Recent efforts to model these cycles predict, with considerable accuracy, the global temperature plateau. They also predict a continued, overall warming trend in the long-term as carbon dioxide and other greenhouse gases accumulate in the atmosphere.

Meanwhile, in the policy arena, numerous retired U.S. military leaders are calling climate change a "threat multiplier." Among other concerns, the Pentagon is pondering the consequences of chronic failed harvests and shrinking water supplies in such unstable countries as Somalia, Sudan, Kenya, and Nigeria. Think social unrest, mass migrations, breeding grounds for terrorists.

Leaders in China, India, and Pakistan are mindful of these risks, too. They are among the countries most likely to suffer from water scarcity as climate change dries up mountain snowpack and disrupts the monsoon season.
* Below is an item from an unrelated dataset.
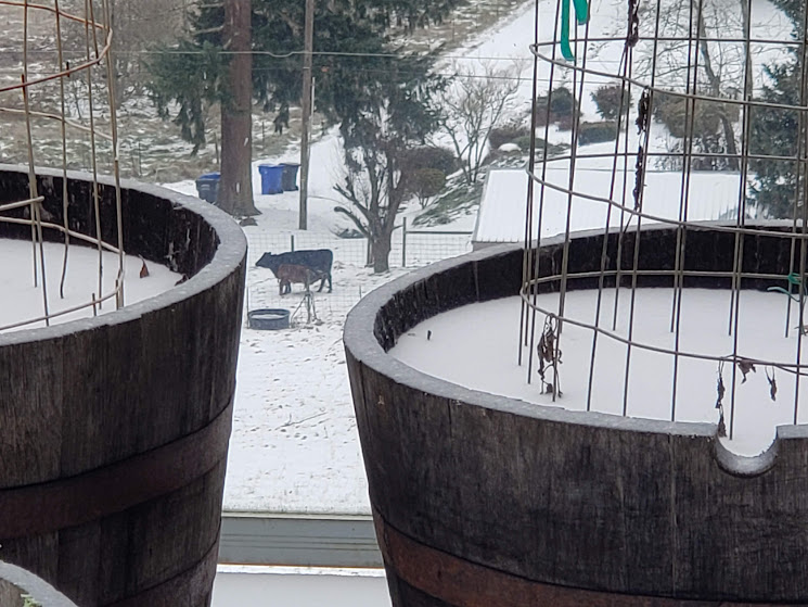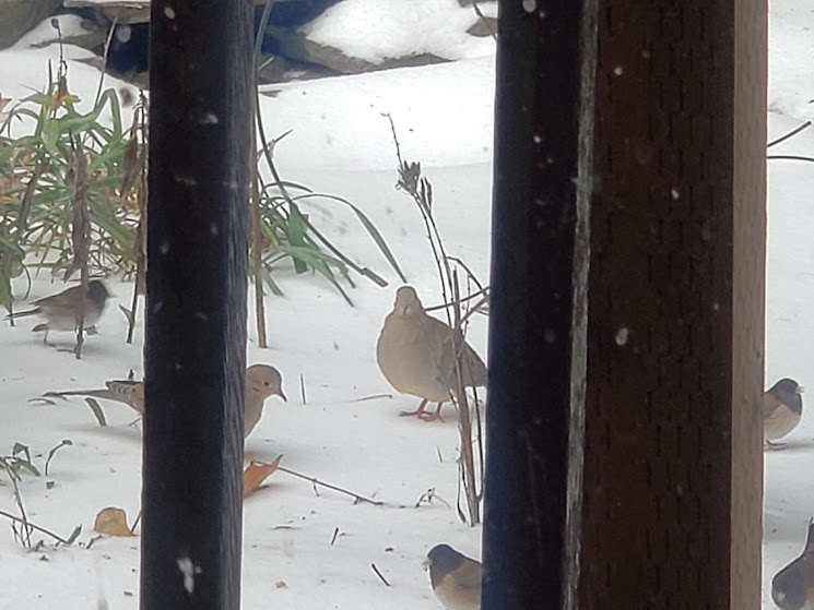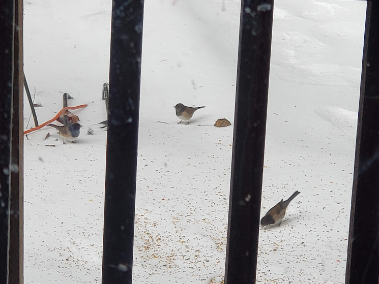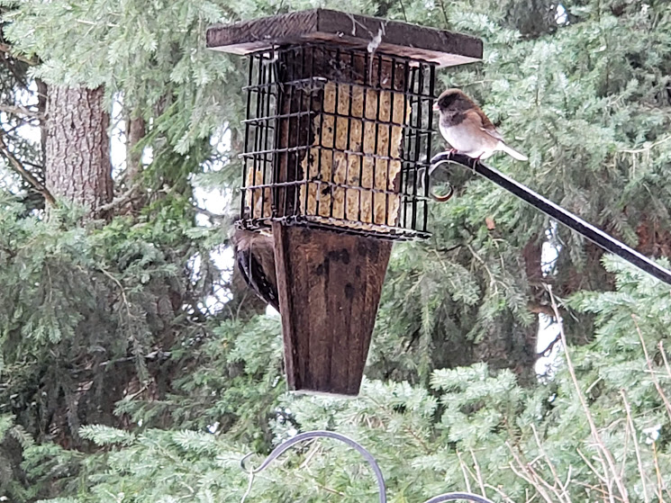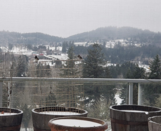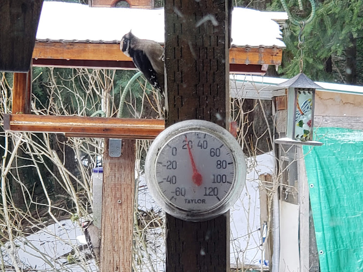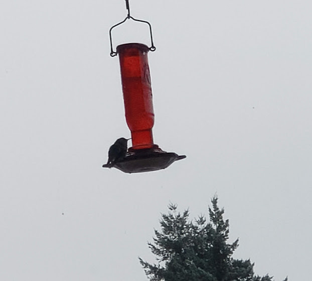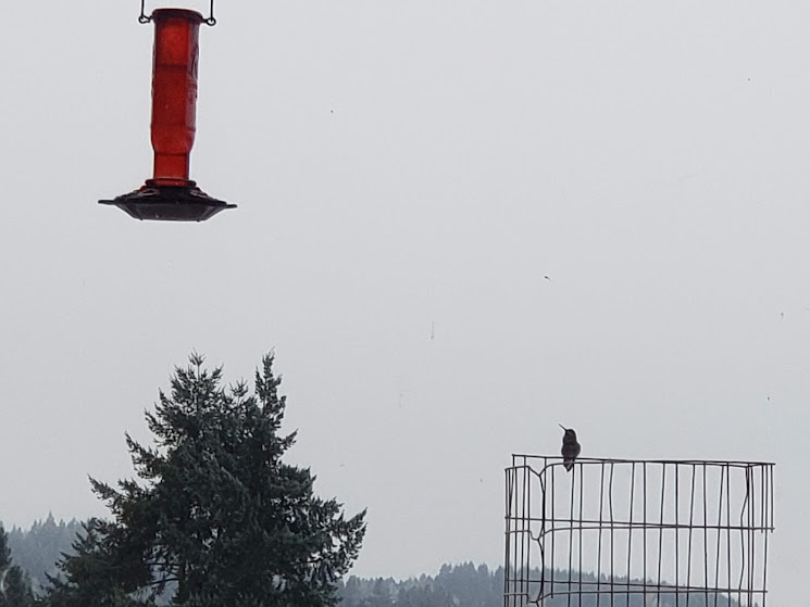 It’s made from myrtlewood, black walnut, and purpleheart. I can’t wait to pick it up. It was made by a local woodworker.Two daily hummingbird wannabes.Even with auxiliary heat on, our heat pump is having a hard time keeping up first thing in the morning. But I’m so grateful it’s working!Daily hummingbird trying to stay warm. I keep switching out the feeders for him.Olsons’ barn across the valley. The ice isn’t deep like snow would have been.This is the way I had to photography Bessie ands Kiko; it was too slick for me to walk out on the deck. Daily pīpī.Lani Moo peeking out of the barn. That’s as far as she got. Kiko was braver than she was!Downey Woodpecker.Juncos. They don’t call them snowbirds for nothing!Downey Woodpecker and Junco at the suet feeder.Nuthatch and flying Junco.Mourning Doves joined the crowd!Flicker with a Junco waiting his turn.Daily hummingbird.
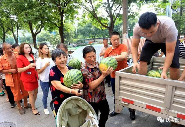 鄭州市民排著長(zhǎng)長(zhǎng)的隊(duì)伍領(lǐng)取免費(fèi)愛(ài)心西瓜,來(lái)自咱扶溝的宋鐵托做了一件感動(dòng)家鄉(xiāng)人小事,而這件小事卻上了《人民日?qǐng)?bào)》。

Yet, China and India, the two largest greenhouse gas emitters in the developing world, steadfastly refuse to sign any agreement requiring cuts in their own emissions. So why should the United States sign an agreement that other major emitters reject? The answer depends on the pact that replaces the Kyoto Protocol.

Using the House cap-and-trade bill as a benchmark, the United States would agree to "Kyoto-lite" - a set of targets and a timetable that is arguably weaker than the provisions agreed to by most advanced industrialized countries in 1997. And in all likelihood, the final bill that lands on Obama's desk will be even less stringent than the House version.

The United States could justify its insistence on Kyoto-lite because in sheer volumetric terms, it may end up agreeing to reduce more greenhouse gases than any other single nation. America will also be a big contributor to a future financial/technology aid package for developing countries that need help adapting to climate change.

An international agreement requiring the United States to do what it intends to do anyway, with or without China and India as treaty cosigners, is better than a feeble, "lowest common denominator" agreement that gets China and India on board, but requires no real action.

The United States, China, and India could turn out to be climate heroes if they put their minds to it. Some tantalizing assets are in place.

In fact, China is getting smarter about how it produces and uses energy. Everything from high-tech furnaces at steel mills to newly insulated office buildings is saving energy in China.

China's solar-power and wind-turbine industries compete fiercely with U.S. firms for global market share. Meanwhile, in India, Tata Motors' peppy Nano minicar gets 65 m.p.g., and new alternative-fuel and electric-battery models are in the works.

With that kind of ingenuity and their newfound wealth, China and India, in partnership with the United States, could go a long way in fighting global warming, with or without a resounding diplomatic triumph at Copenhagen.